* [EXERCISE AIM] The response should reproduce exactly the lines from the top of the listing below through the one that contains "Gesundheitsversorgung in abgelegenen Gebieten", and nothing else; pictures do not belong in it.
··· RAW DATA
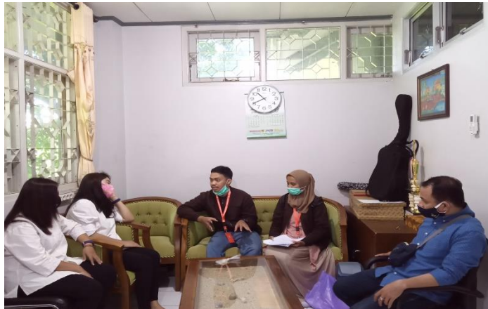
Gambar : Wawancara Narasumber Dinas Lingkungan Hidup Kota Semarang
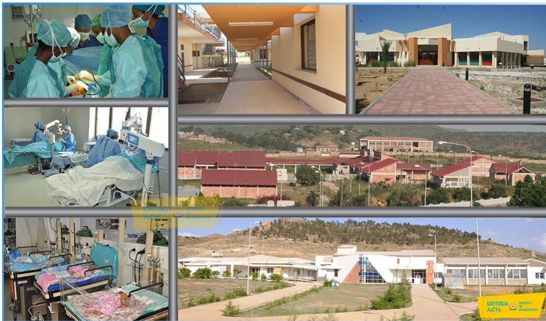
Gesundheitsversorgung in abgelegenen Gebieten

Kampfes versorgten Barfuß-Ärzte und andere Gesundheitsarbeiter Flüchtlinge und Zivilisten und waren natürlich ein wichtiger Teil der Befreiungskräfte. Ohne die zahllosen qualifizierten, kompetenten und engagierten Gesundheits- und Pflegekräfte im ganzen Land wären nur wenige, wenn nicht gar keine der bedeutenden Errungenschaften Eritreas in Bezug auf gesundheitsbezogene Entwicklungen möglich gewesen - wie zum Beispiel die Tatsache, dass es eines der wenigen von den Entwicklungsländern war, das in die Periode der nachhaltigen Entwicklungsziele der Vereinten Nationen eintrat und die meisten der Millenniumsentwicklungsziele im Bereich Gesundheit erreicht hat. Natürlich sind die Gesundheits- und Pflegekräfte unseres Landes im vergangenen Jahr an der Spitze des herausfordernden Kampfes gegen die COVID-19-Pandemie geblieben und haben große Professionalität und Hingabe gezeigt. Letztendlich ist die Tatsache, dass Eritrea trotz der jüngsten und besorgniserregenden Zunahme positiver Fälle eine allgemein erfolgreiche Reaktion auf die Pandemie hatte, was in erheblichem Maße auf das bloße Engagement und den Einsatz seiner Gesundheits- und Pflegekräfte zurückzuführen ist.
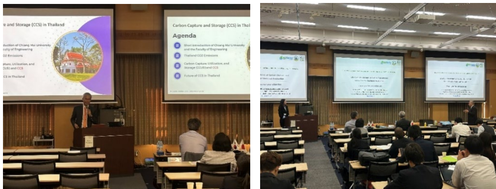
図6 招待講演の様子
······
* [SOLVED PROBLEM]
Gambar : Wawancara Narasumber Dinas Lingkungan Hidup Kota Semarang
Gesundheitsversorgung in abgelegenen Gebieten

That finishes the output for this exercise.